A similar Senate bill would give states that tax internet connections three years to phase them out and find new sources of revenue.

NCSL spokesman Neal Osten said states also worry that a permanent moratorium will lead to confusion when telecommunications companies develop new technologies never contemplated by the law. When the moratorium was first introduced, he noted, cell phones were a novelty and DSL service had no consumer market.

In fact, some state officials say the bill could have the unintentional effect of freeing the telecommunications industry from virtually all taxes.

The Multistate Tax Commission, an organization of state tax officials, say the bill’s language is too broad. They say it eventually could exempt the telecommunications industry from all state and local taxes, as telecommunication companies gradually start using internet technology to deliver all of their services.

The commission says the bill’s language could leave telecommunications businesses free from sales, excise, income, and property taxes, and that states stand to lose between $4 billion and $9 billion a year by 2006.

Lawmakers who wrote the bill said they look at the same words and see a different meaning.

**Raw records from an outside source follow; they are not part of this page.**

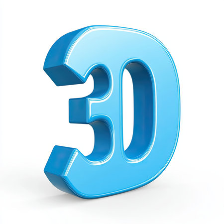 Blue 3D Number Thirty, Isolated, White Background, Digital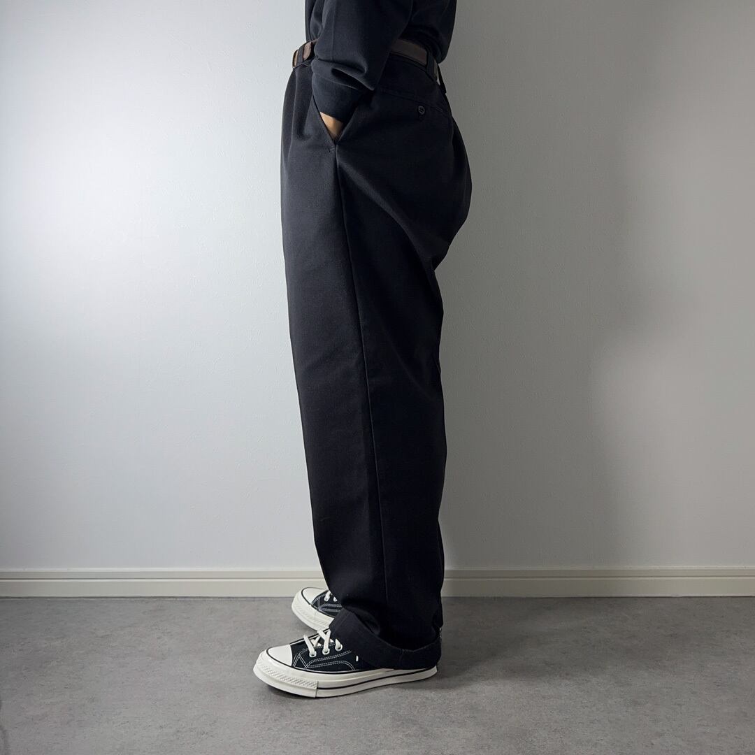実寸でW39、また腰裏のウエスト調整ステッチの開かれているためウエストは大きめですが、ベルトで絞って穿いていただくとしっかり太い良いシルエット着用いただけます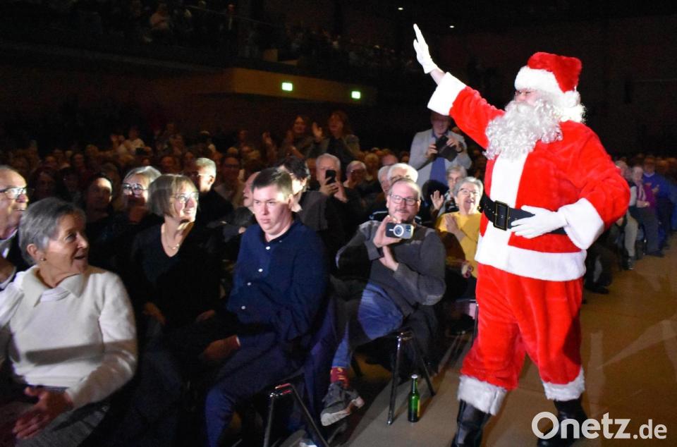 Nach der "Nutcracker Suite" kündigte Moderator Sergeant Dean-Roy Bernard den Soldatenchor an, der aus Ingenieuren, Infanteristen und Sanitätern besteht. "Dann wird es rockig", verriet Bernard, der auf der Bühne auch selbst performte. Wunderbar erklangen "Jingle Bell Rock", "Rockin' Around the Christmas Tree" und "Santa Claus is coming to Town" – und der kam dann auch wirklich kam. Es gab aber auch leise Töne mit "Silent Night" beziehungsweise "Stille Nacht", bei dem das Publikum aufgefordert wurde, mitzusingen. Ruhig erklang auch "Joy to the world", das ein Ausdruck von Freude und Lob ist.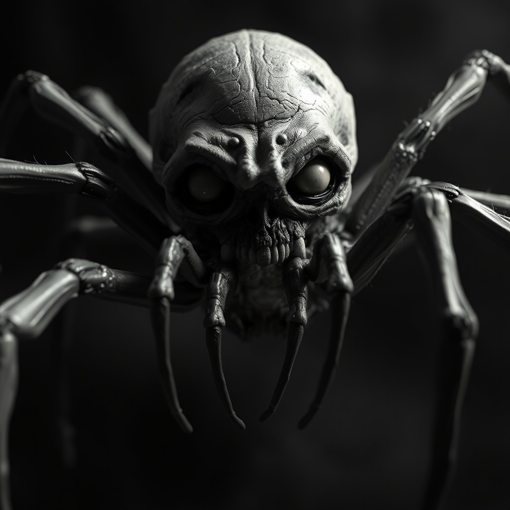 Human-spider hybrid, a grotesque mutation featuring a human head with spider legs protruding from its mouth, inspired by Gustave Doré; a monochromatic, dramatic, and eerie scene filled with a mystical aura; ultra-high definition with 8k precision, highlighting hyper-realistic textures and intricate micro details; enhanced volumetric lighting creating a surreal atmosphere; fantasy art in 3D realism with meticulous attention to detail, capturing the essence of the bizarre creature in an unsettling yet mesmerizing tableau.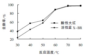 試驗溫度分別為30、40、50、60、70、80 ℃,pH 值為6,催化劑投加量為40 g/L,過氧化氫投加量為80 mL/L,反應時間為1 h,考察溫度對染料廢水處理效果的影響,結果見圖3。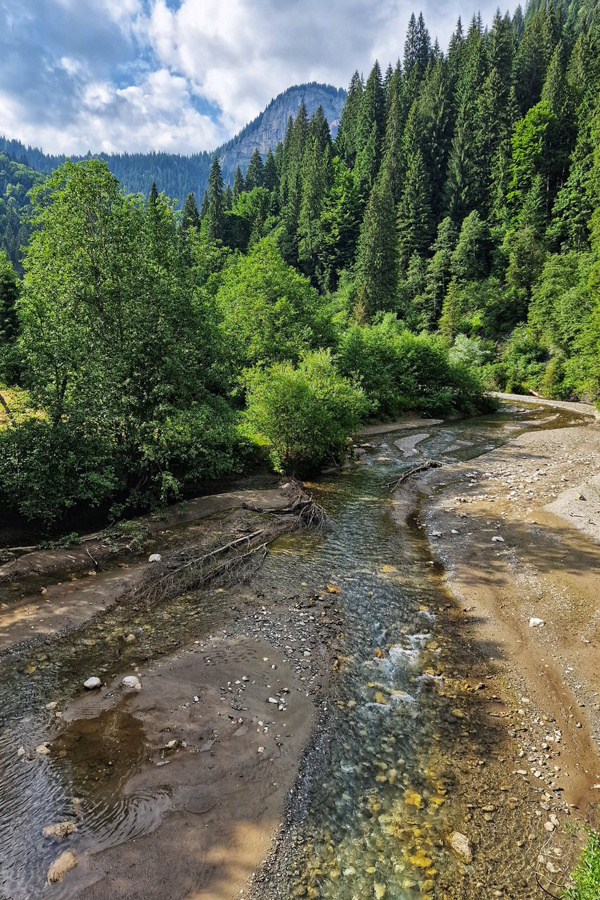 Cheile Orzei, te ademenesc să te strecori pe drumul care șerpuieste domol. Nu am înaintat, soarele începea să dispară și am preferat să facem drumul de întoarcere pe lumină. Undeva pe drum poți opri să admiri cariera de piatră care se vede prin fereastra naturală creată de brazi.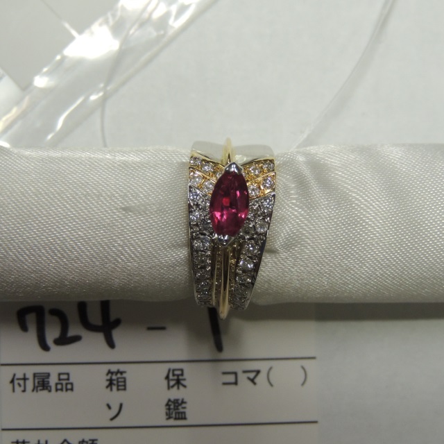 リング ルビー ダイヤ K18/Pt900 11.30g GRJソ 石目:R0.73 FD0.45
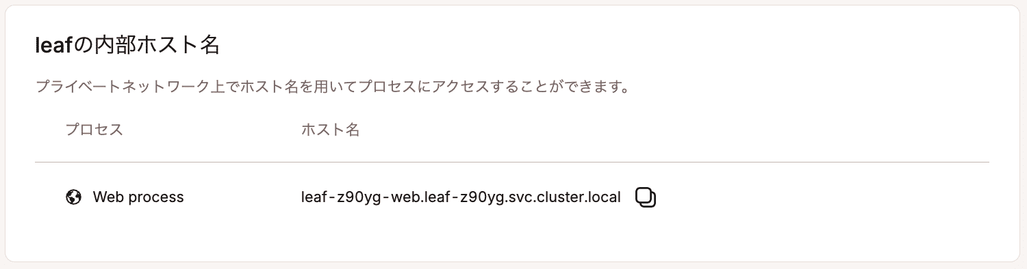 この領域には、すべてのアプリケーションプロセスのホスト名が表示されます。ホスト名を使用して、弊社のプライベートネットワーク上のプロセスに接続することができます。
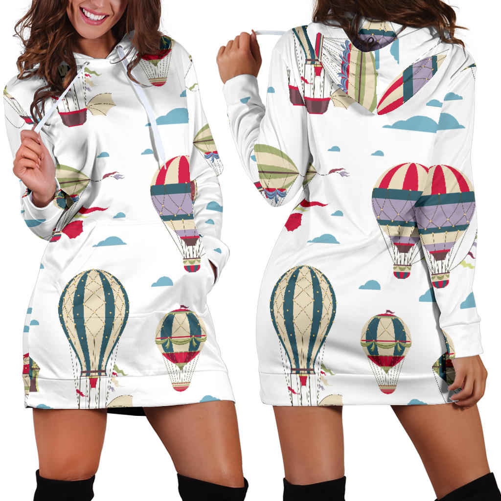 Hot Air Balloon Pattern Women'S Hoodie Dress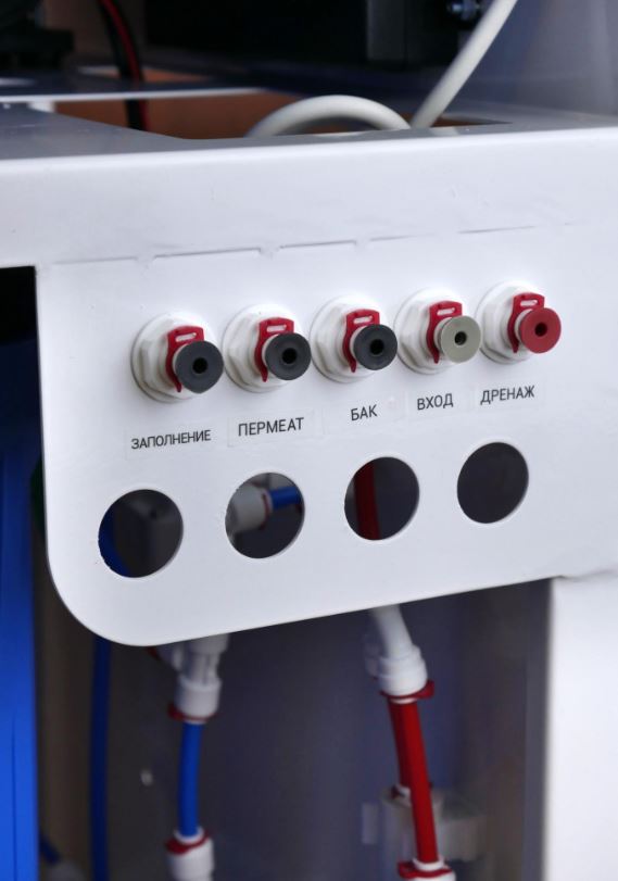 - Основная очистка воды выполняется на одной обратноосмотической мембране 3021 400 GPD. Пористость мембраны 0.0001 мкм.
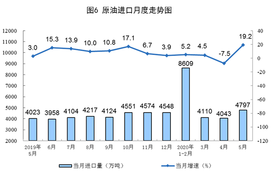 原油进口由降转增,国际原油价格快速回升。5月份,进口原油4797万吨,同比增长19.2%,上月为下降7.5%。1—5月份,进口原油21558万吨,同比增长5.2%。5月29日布伦特原油现货离岸价格为34.15美元/桶,比4月30日的18.11美元/桶回升88.6%。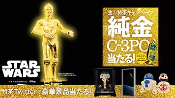 また、2022年9月より「金の特茶 希望の光」篇と銘打ち、特茶を〈闇と戦う希望の光〉と見立てたCMを放映しており、「特茶 スター・ウォーズデザイン ラベル」の発売を記念し、スター・ウォーズデザインの特茶ボトルの形をした「特茶ランタン」が当たるキャンペーンを実施します。さらに、デザインラベル発売直前の2023年1月6日(金)より、純金の「C-3PO」や自宅で「スター・ウォーズ」の風景を体験できるオリジナルグッズなどが当たる「金の特茶」キャンペーンを実施します。これらさまざまな豪華景品が当たるキャンペーンを、ぜひお楽しみください。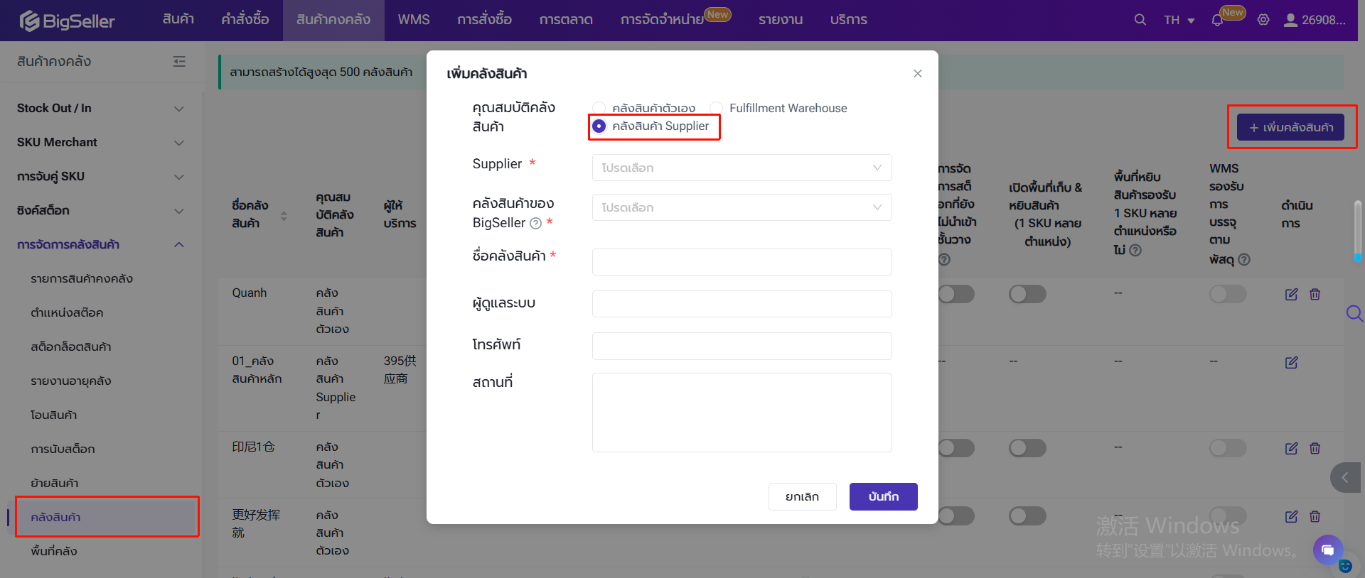 หลังจาก Supplier แก้ไข/เพิ่มคลังจัดหาแล้ว ระบบจะไม่สร้างคลังสินค้า Supplier ที่ฝั่งตัวแทนจำหน่ายโดยอัตโนมัติ ตัวแทนจำหน่ายต้องเพิ่มคลังสินค้าด้วยตนเอง และไปแก้ไขหรือสร้างคลังที่เกี่ยวข้องในร้านค้าแพลตฟอร์ม พร้อมอัปเดตที่อยู่รับสินค้าของร้านค้าและคลังสินค้าในระบบ BigSeller ให้ตรงกัน

“I think they are discussing a problem that does not exist,” said Rep. Melvin Watt, D-N.C. “It’s hard for me to box with a shadow.”

Watt and other members of the House Judiciary Committee added the language to ensure that consumers who use broadband get the same treatment as those who use slower, dial-up connections. They also wanted to give future technology equal footing with current means of access.

Watt said he shared the language with a number of state and local organizations and remains open to new ideas. But so far, he said, no one has proposed better language.

State tax officials and federal lawmakers do not question each others’ motives. Both sides say internet access must remain tax-free to make the technology available to the most consumers for the best price. They split over how telecommunications industry lawyers and courts will interpret the bill.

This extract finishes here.